• [MATERIAL SHOWN]
▬▬▬▬▬▬▬▬▬▬
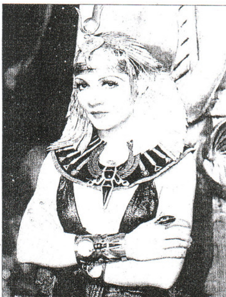
Claudette Colbert dans le film de Cecil B. de Mille (1934).
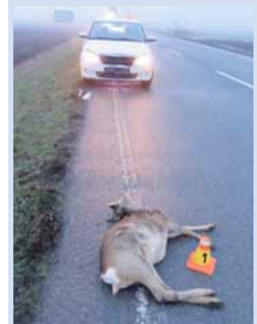
Policistům po příjezdu na místo nehody nezbylo nic jiného, než zavolat mýslivce, aby si pro uhynulou srnu přijeli.
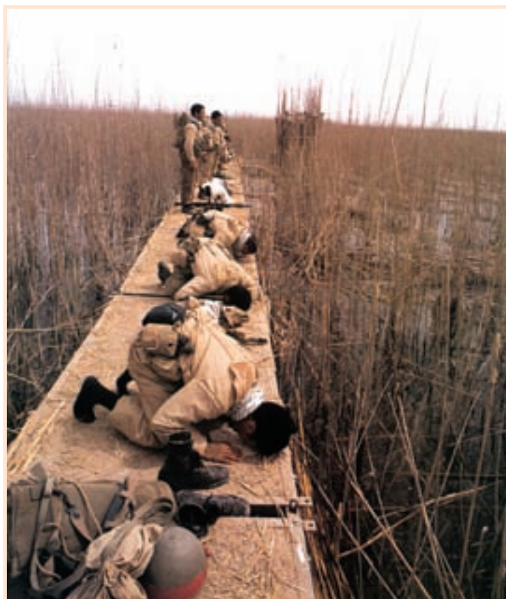
تصویر ۱-۳- رزمندگان در منطقه عملیاتی دوران دفاع مقدس در حال اقامه نماز

ایمان به خدا، رهبری حکیمانه امام خمینی (ره) و یکپارچگی و حمایت‌های مردمی نه تنها موجب پیروزی انقلاب اسلامی ایران شد، بلکه بالاترین سلاح و مهمات ما در هشت سال دفاع مقدس بود.
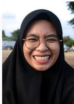
Gambar 20. Ekspresi Bahagia
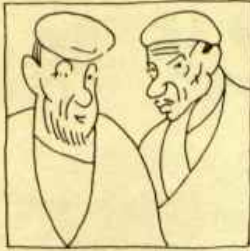
O primeiro emigrante é rache galego e chamábase Colón (1924)-Cebreiro en El Pueblo Gallego
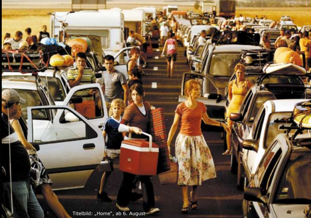
Titelbild: „Home“, ab 6. August

Friedrich-Ebert-Str. 7 · 24937 Flensburg · Tel. 0461 1411814 · www.51stufen.de
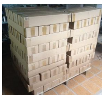
Modulo antes de montados
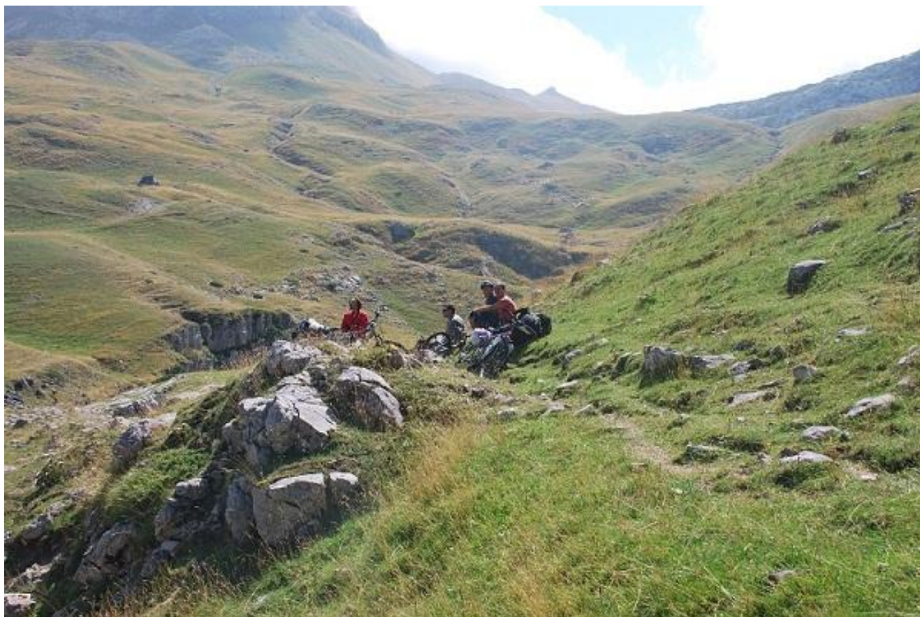
Фото 39. Выход тропы из каньона р. Комарница.
▬▬▬▬▬▬▬▬▬▬
• [PROBLEM DETAILS]
Copy out each line of the data exactly as it reads; skip the pictures.

• [RESPONSE BOX]
Claudette Colbert dans le film de Cecil B. de Mille (1934).
Policistům po příjezdu na místo nehody nezbylo nic jiného, než zavolat mýslivce, aby si pro uhynulou srnu přijeli.
تصویر ۱-۳- رزمندگان در منطقه عملیاتی دوران دفاع مقدس در حال اقامه نماز

ایمان به خدا، رهبری حکیمانه امام خمینی (ره) و یکپارچگی و حمایت‌های مردمی نه تنها موجب پیروزی انقلاب اسلامی ایران شد، بلکه بالاترین سلاح و مهمات ما در هشت سال دفاع مقدس بود.
Gambar 20. Ekspresi Bahagia
O primeiro emigrante é rache galego e chamábase Colón (1924)-Cebreiro en El Pueblo Gallego
Titelbild: „Home“, ab 6. August

Friedrich-Ebert-Str. 7 · 24937 Flensburg · Tel. 0461 1411814 · www.51stufen.de
Modulo antes de montados
Фото 39. Выход тропы из каньона р. Комарница.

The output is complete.